The government says while funding commitments were made by the previous government, the money was not allocated in its budget, and so all it is doing is acknowledging it can’t spend money it hasn’t got. And the Department for Science, Innovation and Technology did announce £32m ($41m) of support for 98 AI projects on August 7.
These include AI software to help people train to work on construction sites, to help improve the efficient delivery of medical prescriptions, and a system to “monitor, manage, and identify defects on rail infrastructure across the country” – a crowd-pleaser for beleaguered users of the UK’s transport system if ever there was one. The thinking is influenced by a desire to use AI as part of the wider effort to drive economic growth and development rather than fixate on AI as an end in itself.
By the people, for the people
Wherever Ai is discussed, what has been termed “AI anxiety” is very real. But research by Gartner indicates that fears – particularly those about job loss – are dispelled when people actually use the technology. “Once people are actually exposed to AI and asked to make use of it, their concern about job loss drops significantly – from around 60% to just 14%,” Gartner VP analyst Svetlana Sicular told a conference in July.
“Most people still don’t understand what AI entails. They see it as a science fiction concept or through the lens of sensationalist media stories,” she continued. “The truth is that AI is complex, and its ethical and technical nuances are not widely understood.”
She argued that if more people viewed AI as a collaborative tool for enhancing efficiency rather than something that can deliver perfection, we could move closer to achieving the technology’s true potential and reducing people’s fears.
Giving people the chance to experience something does generally improve their understanding of it.
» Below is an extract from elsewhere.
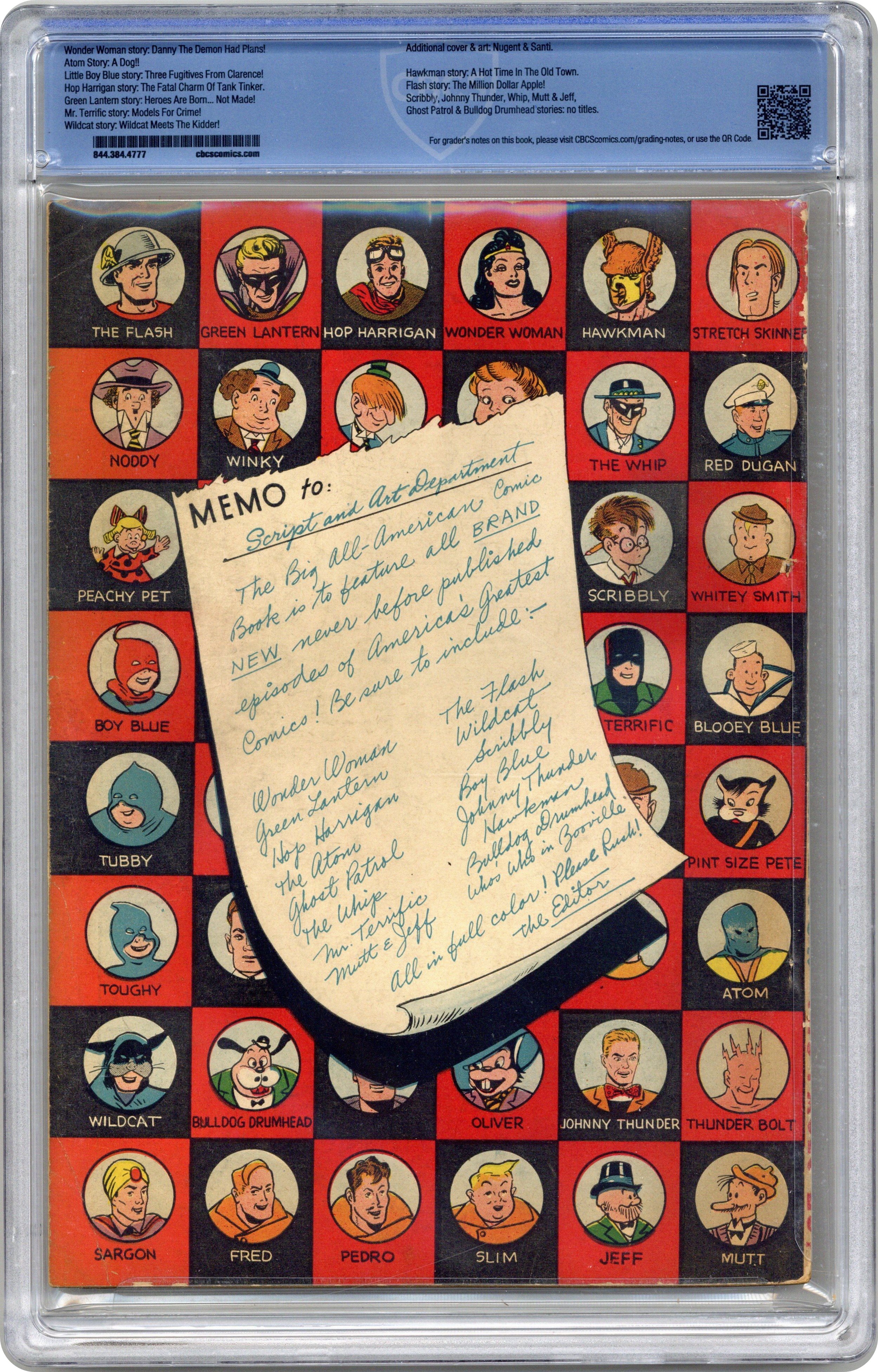 Ended Apr 29 2023 Winning Bid $1,325 "Danny the Demon Had Plans," script by William Moulton Marston (as Charles Moulton), art by Harry G. Peter; Wonder Woman has to work fast to discover evidence that will exonerate Steve from the murder of General Courtney. Mutt & Jeff strips by Al Smith (as Bud Fisher). "The Ten Buck Nut," script and art by Sheldon Mayer; Ma and the kids head out to the racetrack and overhear a man who gets Ma to bet on "a sure thing" --with disastrous results. "Putting on the Dog," script by Joseph Greene, art by Joe Gallagher; Big Mouth Bo-Bo kidnaps a talented dog who has been trained to open doors and arranges for it to be declared homeless so that it will be adopted into a wealthy family. "Three Fugitives from Clarence" starring Little Boy Blue and the Blue Boys, script by Lynn Evans, art by Frank Harry. "Little Peachy Pet Riding Hood," script by Julius Schwartz (as John B. Wentworth), art by Stan Aschmeier (as Stan Josephs); After a rather wild birthday party for Peachy Pet, Johnny Thunder offers to tell her a bedtime story: Little Red Riding Hood. "The Fatal Charm of Tank Tinker" starring Hop Harrigan, script and art by Jon L. Blummer. "Heroes Are Born...Not Made!" starring Green Lantern, script by Alfred Bester, art by Paul Reinman (as Nodell and Reinman); While visiting the city of Baxton, Alan and Doiby visit with the town's bell ringer, who tells them he will never ring the bell again until something heroic is done. "A Hot Time in the Old Town" starring Hawkman, script by Gardner F. Fox, art by Joe Kubert. "The Million Dollar Apple" starring The Flash, script by Gardner F. Fox, art by Everett E. Hibbard. 132 pgs., full color. Cover price $0.25. Grade: CBCS 4.0 explanation of grade Condition: Used (collectible)

Giving them the chance to shape how they experience it would surely improve both trust and the quality of work – a point that leads us to the missing link in much of the conversation around AI regulation. In short, what about the workers?
Much of the conversation about AI development, and tech development in general, is driven by tech companies, a handful of powerful tech billionaires, and governments. The people who will be using the tech, and who will be affected the most by it, rarely get any input. And that is a model that is being challenged.
Photo: Mario Tama/Getty Images
The Centre for International Governance Innovation (CIGI) recently published an article entitled We Need a Worker-Centric Approach to AI Policy. In it, CIGI argued that “We need to change our traditional approach to policy making, which typically relies on industry and government experts to draft sector-specific and tech-friendly policies, followed by periods of public feedback that have little impact.” And it pointed to the Biden administration’s “worker-centered” strategy as evidence of this approach being put into practice.
What that policy does is recognize that “that policies benefiting people as consumers should not undermine them as workers.” That is significant, not only because of the implicit assertion that the people who do the work are well-placed to develop policy on how work is done, but also for its recognition that people have multiple identities.
Much has been made of the balance between agile innovation and careful regulation, but this balance isn’t peculiar to AI – it’s something regulators grapple with wherever regulation exists. Those warning against stifling development in the tech sphere can too easily sound as if they are arguing to be left to do exactly as they want.
Getting the regulation of AI right is important for us as a species, and for the societies we live in, but also for restoring faith in a sector that is gaining an increasingly poor reputation. That isn’t only due to some of the ideas propagated by billionaire tech bros such as Marc Andreessen and Elon Musk, but also to recent findings about how some of the biggest firms have acted in terms of competition and respect for individual privacy.
As Ezra Klein concluded late last year in a New York Times op-ed on technology’s battle of ideas: “Trust is the most essential technology of all.”